== Data extract ==
%%

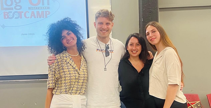 הראל ואנג'לה בוגרי הקורס, דנה אבואף ראש צוות הגיוס, וגל ביטון, ראש צוות גיוס דיגיטלי, בלוג-און. צילום: לוג-און תוכנה
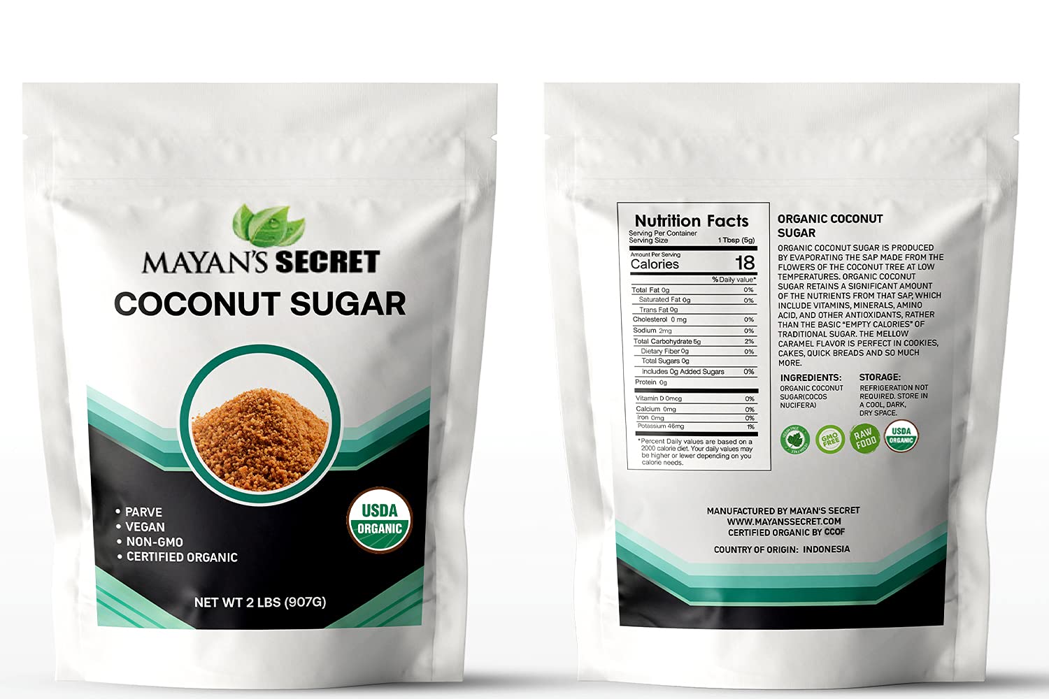 Mayan's Secret 2 lbs USDA Certified Brown Coconut Sugar Organic for Baking - Low Glycemic | Unrefined | Trace Minerals
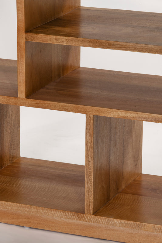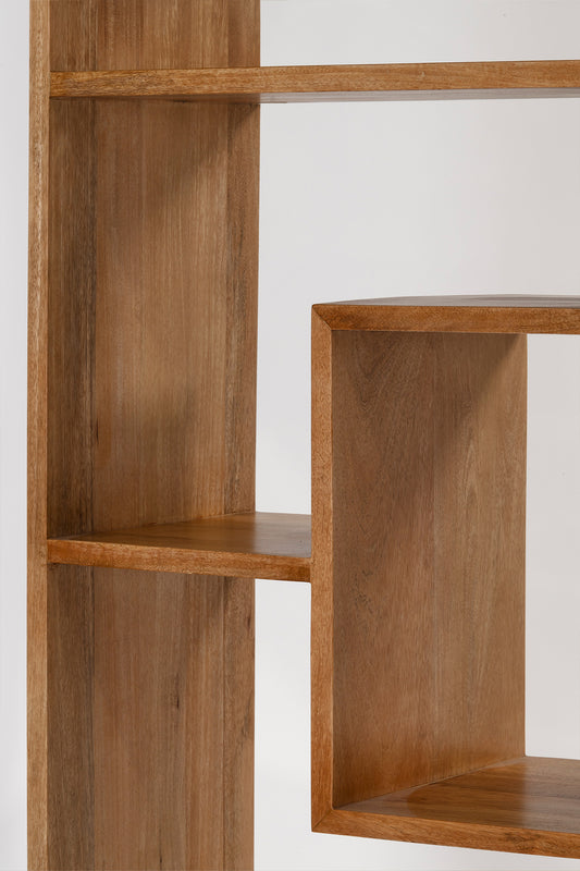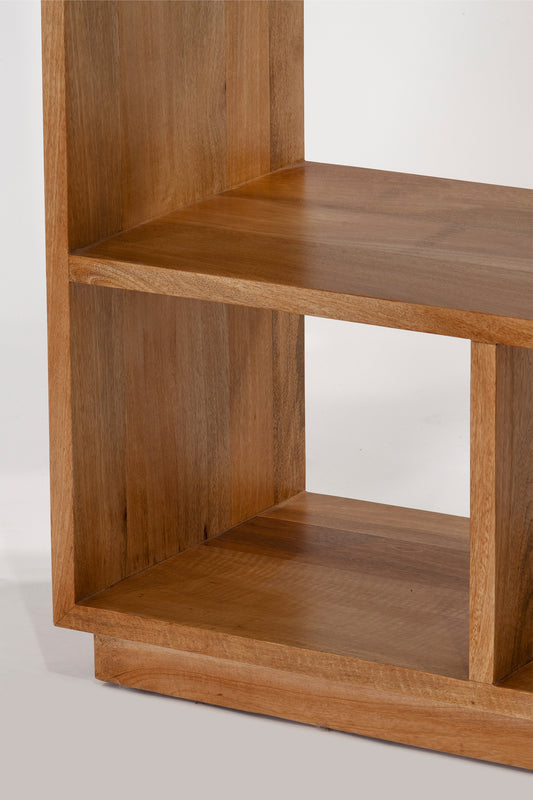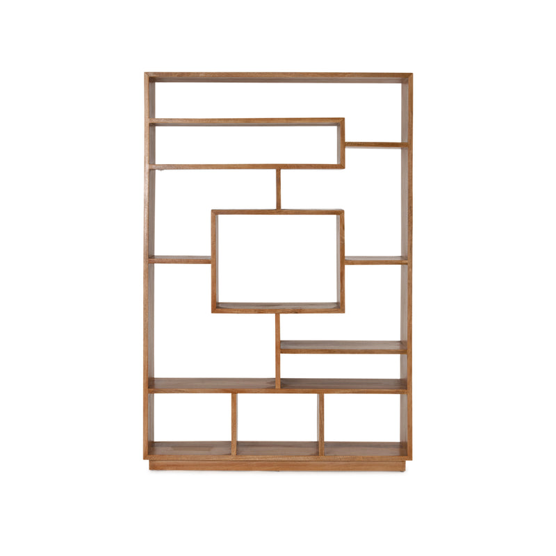 Built from solid mango wood in natural sealed finish. Tall rectangle shaped with eleven open storage compartments of varying shapes and sizes.

%%

== What the exercise asks ==
Pictures stay out; everything else in the listing above gets repeated exactly.

== Solution to this task ==
 הראל ואנג'לה בוגרי הקורס, דנה אבואף ראש צוות הגיוס, וגל ביטון, ראש צוות גיוס דיגיטלי, בלוג-און. צילום: לוג-און תוכנה
 Mayan's Secret 2 lbs USDA Certified Brown Coconut Sugar Organic for Baking - Low Glycemic | Unrefined | Trace Minerals
 Built from solid mango wood in natural sealed finish. Tall rectangle shaped with eleven open storage compartments of varying shapes and sizes.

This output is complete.